In the most active and left-influenced unions, when there were strikes, mass assemblies of workers have been held to push the union leaders to call action. Now, over the last few months, this has spread to most workplaces.
So it has been very easy for Antarsya members, even if there were just one or two in a workplace, to give a lead. When the government, for example, said we are going to sack workers at the government ministries, workers were furious and held mass assemblies and Antarsya members found it very easy to say let’s occupy and win that position.
The second area where Antarsya had an important influence is over the programme of the left and the way the movement should fight to deal with the crisis.

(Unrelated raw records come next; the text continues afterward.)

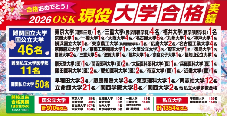 OSK尾崎数理研究会はトップレベル大学受験向けの進学予備校です。
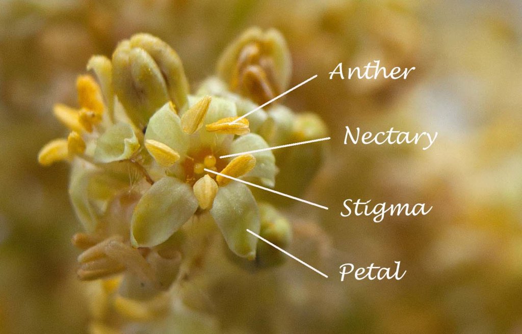 When I returned with this new knowledge, I inspected the florets of a male tree more closely and was puzzled that at the centre of some of the florets I saw a three-lobed stigma (the female part of the flower). I later learned that male flowers can still have female parts—such as stigmas—but they are sterile and do not produce eggs. It turns out that male and female flowers initially form with the same parts but in a male the gynoecium aborts and in the female the stamen and anther abort. So, in some cases, they’re still there; they just don’t function.
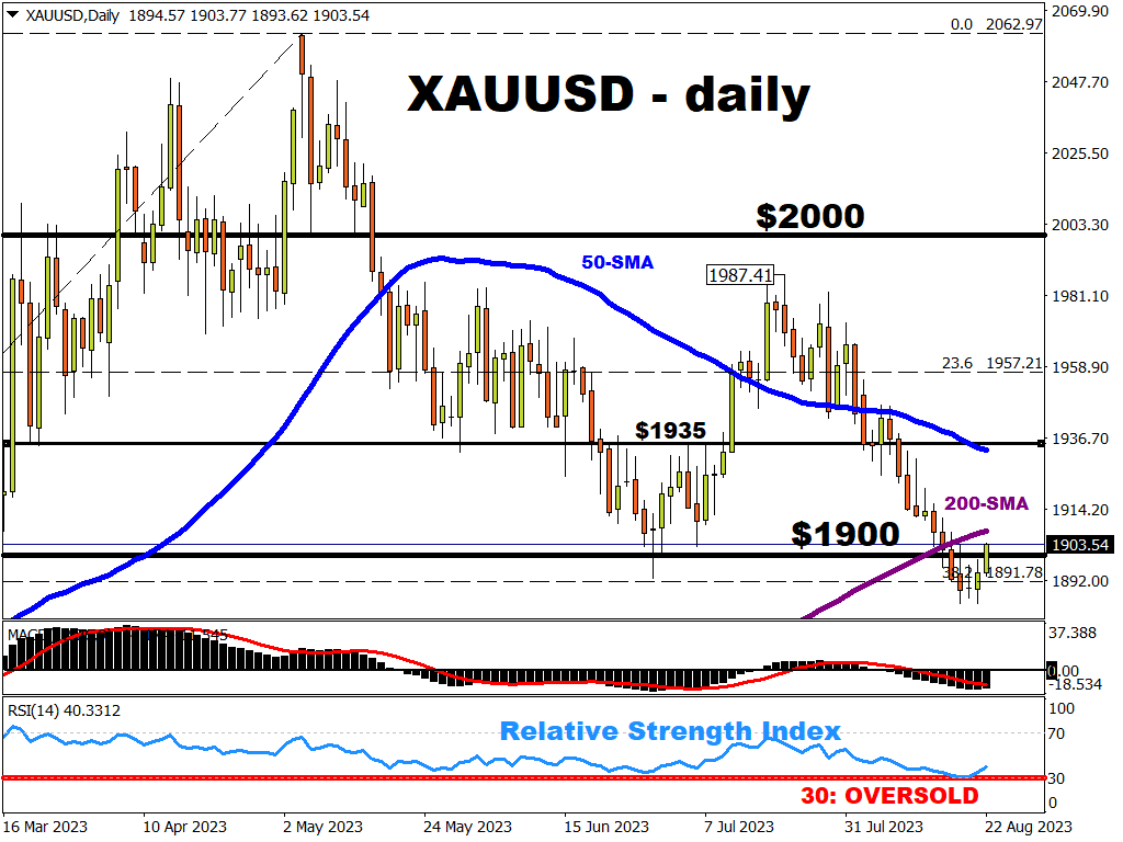 The yellow metal still currently trades below the 200-day simple moving average (SMA), though has resurfaced above the psychologically-important $1900 level for the time being.

Because people have been fighting, both Syriza and the Communist Party have moved to the left and started taking bits from our programme.
What is Antarsya’s perspective for relating to Syriza and its supporters?
After the elections the Communist Party attacked people who voted for Syriza, saying next time you have to vote correctly.
But for us, the first thing is that everybody is very happy about the results. Syriza is rising further in the polls. So we start by saying we have to fight hard against the pro-austerity parties who are terrified and attacking the left. We say victory to the left, but we also say that we want the anti-capitalist left to be part of it, so we will take part in the elections and we call on people to vote for Antarsya.
That’s the first thing. But we also decided to take a series of initiatives. One is against the fascists. Many people were horrified when Golden Dawn was elected to parliament for the first time. We are calling on all the left to form a front against the fascists and to march against the fascists in the area they claim they control in Athens, and we want this to be before the elections.
Secondly, we also argue that there should be a general strike and strike action before the elections. Even now, during the election period, there are many workplaces on strike. For example, on 15 May there was a big strike in the private sector against a new law that weakens collective agreements. The media workers’ unions are talking about an all-out strike – that could mean that during the election period there will be no newspapers and TV! We want to connect up all these struggles. We don’t think we should wait for the elections, or wait for a left government – we should strike, occupy and kick out the Nazis now.
At the same time we say that we should discuss in a comradely way with people who voted for Syriza, and the Communist Party as well.
This will be helpful before the elections but it will also be useful after the elections. It took eight years, from 1981 to 1989, for many people to become disillusioned with Pasok’s promise to bring socialism. But now things are moving rapidly in Greece. The people who are in the streets and striking, especially the organised workers, know what we say and what we have done.
It will be crucial where all these people will go over the next months. The difference between reformists and revolutionaries is getting very clear, not just in an ideological way but in practical steps. We are at a crossheads. Everyone is looking for solutions, for what is to be done. It’s crucial for Antarsya to offer a pole of attraction in these arguments.
We argue for a people’s default on the debt but this will only work if there is workers’ control. The key is workers’ activity.